In the not-too-distant past, the determination of whether or not a material was a skin sensitizing agent was achieved through testing conducted on either lab animals (most commonly guinea pigs) or human subjects. Advances were made along the way, and eventually, mice replaced guinea pigs in conducting the Local Lymph Node Assay. Today, several in vitro and in chemico assays are used in skin sensitization testing, thus eliminating the need to conduct testing on lab animal or human subjects.
The REACH Regulation (Annex VII, section 8.3.1) includes a requirement for in chemico and in vitro assays as an initial step for determining skin sensitization. Manufacturers and formulators are now able to utilize such tests to determine the sensitization potential of their compounds. Many are now using this integrated skin sensitization testing strategy for skin sensitization hazard identification and classification as per the Globally Harmonized System of Classification and Labelling of Chemicals. Within the United States, however, in vitro and in chemico assays alone may not be sufficient for safety substantiations. This may change in the future, but for now, FDA still views animal, or human testing as viable and necessary elements of safety testing.
The following assays are frequently used for skin sensitization testing.
Direct Peptide Reactivity Assay (DPRA) (OECD TG 442C)
A skin sensitizer, as defined by the United Nations Globally Harmonized System, is a substance that, after skin contact, will elicit an allergic response. In humans, multiple exposures are required for the phenomenon to occur. As a result of initial exposures, a sensitizing substance may bind to proteins, increasing the possibility of a sensitization reaction. This potential binding is the first key event within skin sensitization, adverse outcome pathway (AOP). The greater the binding, the greater the sensitization potential of the substance.
The DPRA is an in chemico test which duplicates this in vivo binding and quantifies the reactivity of substances towards synthetic peptides containing either cysteine or lysine. The percent peptide depletion values of the cytsteine and lysine are then evaluated to place the substance in question into 1 of 4 reactivity classes (no or minimal reactivity, low reactivity, moderate reactivity and high reactivity). Subsequently, predictions can be made as to the relative sensitization potential of various substances.
High-Performance Liquid Chromatography (HPLC), and more recently Ultra-High-Performance Liquid Chromatography (UPLC) is the technique used to make these determinations.
ARE-Nrf2 Luciferase Test Method (OECD TG 442D)
In humans, multiple exposures to a source are required for skin sensitization to occur. As a result of initial exposures, a sensitizing substance may initiate keratinocyte induction of a cytoprotective gene pathway linked to skin sensitization. This is the second key event within the skin sensitization, adverse outcome pathway (AOP). The greater the keratinocyte induction, the greater the sensitization potential of the substance.

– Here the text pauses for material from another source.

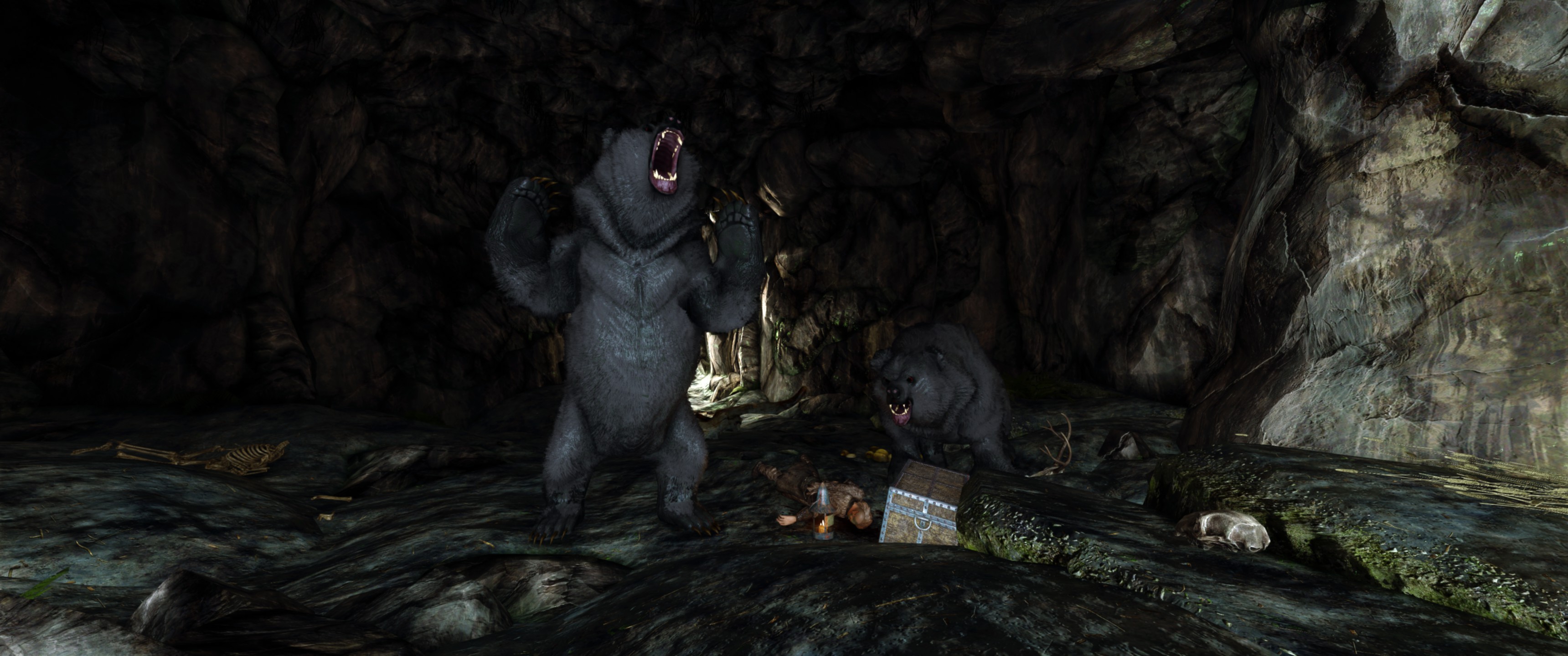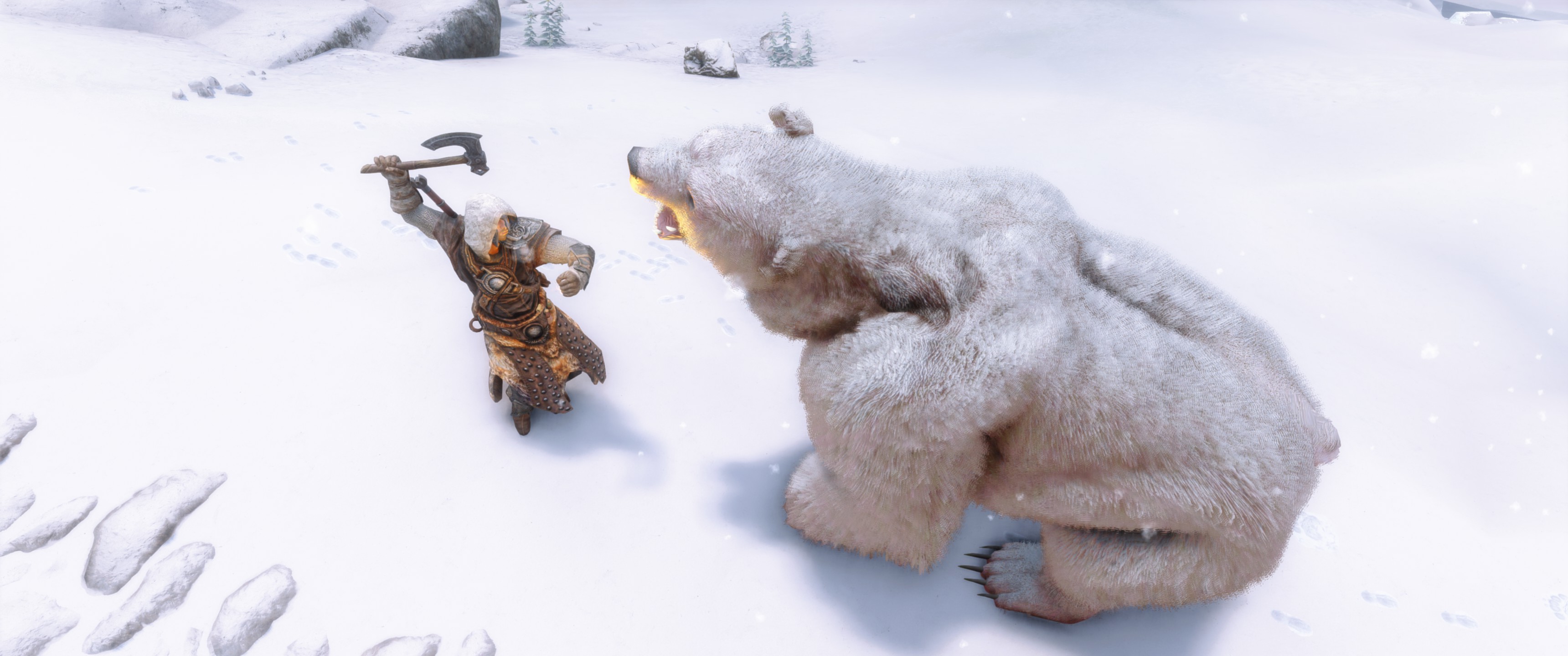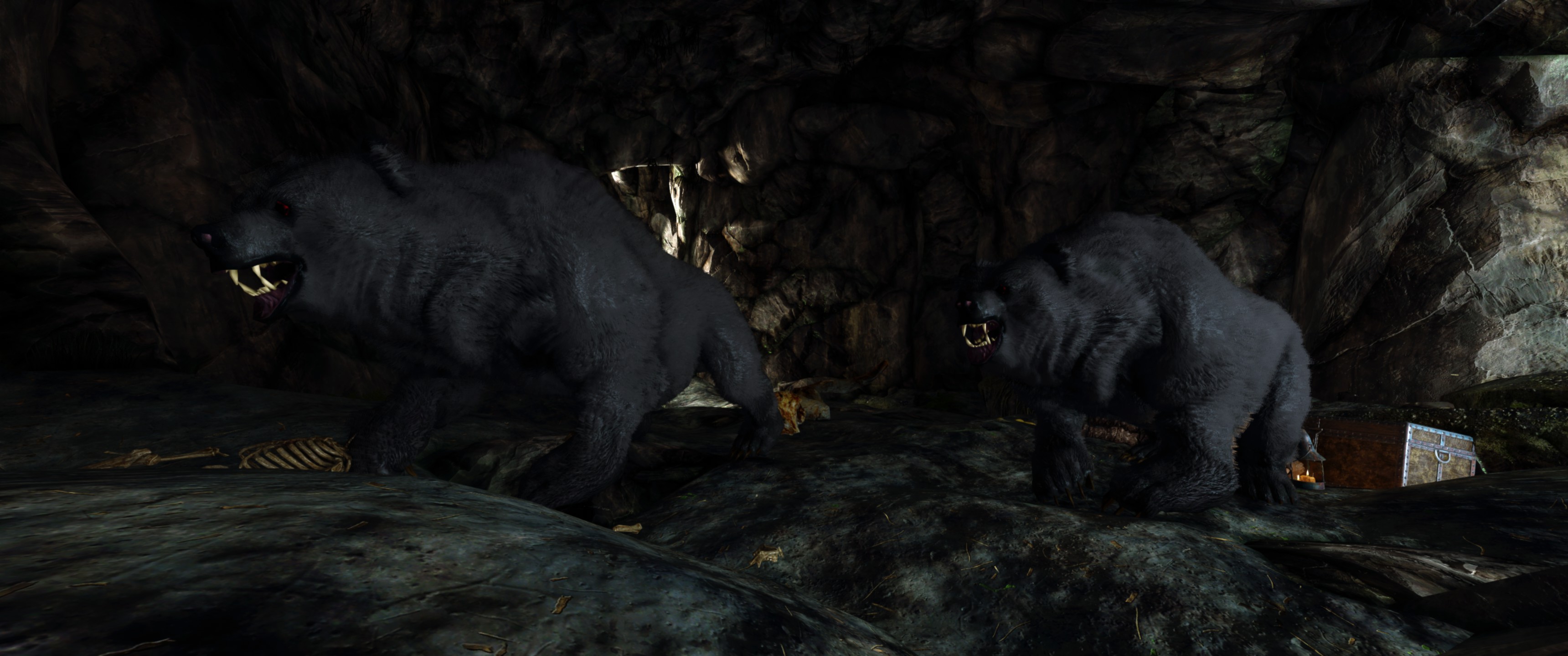 Это визуальный пересмотр медведей Скайрима. Каждый тип медведя (бурый, снежный и пещерный медведь) теперь будет иметь свои особенности. Медведи крупнее и имеют реалистичный мех, использующий текстурирование оболочки - технику, используемую в современных играх, таких как RDR2. Охотничьи трофеи также были обновлены в соответствии с новыми моделями. Загрузочный экран бурого медведя также использует улучшенную модель для соответствия новым моделям медведей.
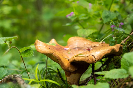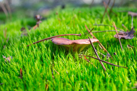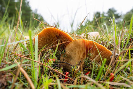 Wild-grown mushroom in a forest. Rufous milkcap also known as the red hot milk cap mushroom. Close-up

In this in vitro test method, the gene expression of antioxidant/electrophile response element (ARE)-dependent pathways are measured using luminescence detection. To this end, an immortalized, adherent cell line, derived from human keratinocytes, containing a luciferase reporter gene under the control of the antioxidant response element of human AKR1C2 genes are utilized. The AKR1C2 gene has been well documented as being up-regulated by skin sensitizers.
The luciferase gene is contained in this cell line and it is under the transcriptional control of a constitutive promoter fused with the ARE element. Sensitizers activate endogenous Nrf2 dependent genes and the luciferase signal reflects that. The dependence of the luciferase signal in the recombinant cell line on Nrf2 has been well documented. The luminescence elicited by gene induction, as measured utilizing a luminometer, is then quantified.
Substances are considered positive (skin sensitizing agent) in this test method if they induce a statistically significant induction of the luciferase activity above a given, defined threshold.
Human Cell Line Activation Test (h-CLAT) (OECD TG 442E)
In humans, multiple exposures to a source are required for skin sensitization to occur. As a result of initial exposures, a sensitizing substance may initiate the activation of dendritic cells. This is the third key event within the skin sensitization, adverse outcome pathway (AOP). Using flow cytometry, the h-CLAT assay measures the expression of specific cell surface markers linked to dendritic cell maturation (CD86 and CD54).
This in vitro assay utilizes a human monocytic leukemia cell line (THP-1 cells). Following a 24 hour exposure to the test substance, changes of cell surface marker expression are quantified. Dendritic cell activation may be mimicked by these surface molecules, which are typical markers of monocytic THP-1 activation. This phenomenon plays a critical role in T-cell priming.
Following cell staining with fluorochrome-tagged antibodies, flow cytometry is used to quantify the changes in cell surface marker expression. As upregulation of surface marker expression can occur at sub-cytotoxic concentrations, cytotoxicity measurements are concurrently conducted.
The relative fluorescence intensity of the surface markers of cells exposed to a test substance compared to those of cells exposed to solvent/vehicle controls are determined and used to differentiate between sensitizers and non-sensitizers.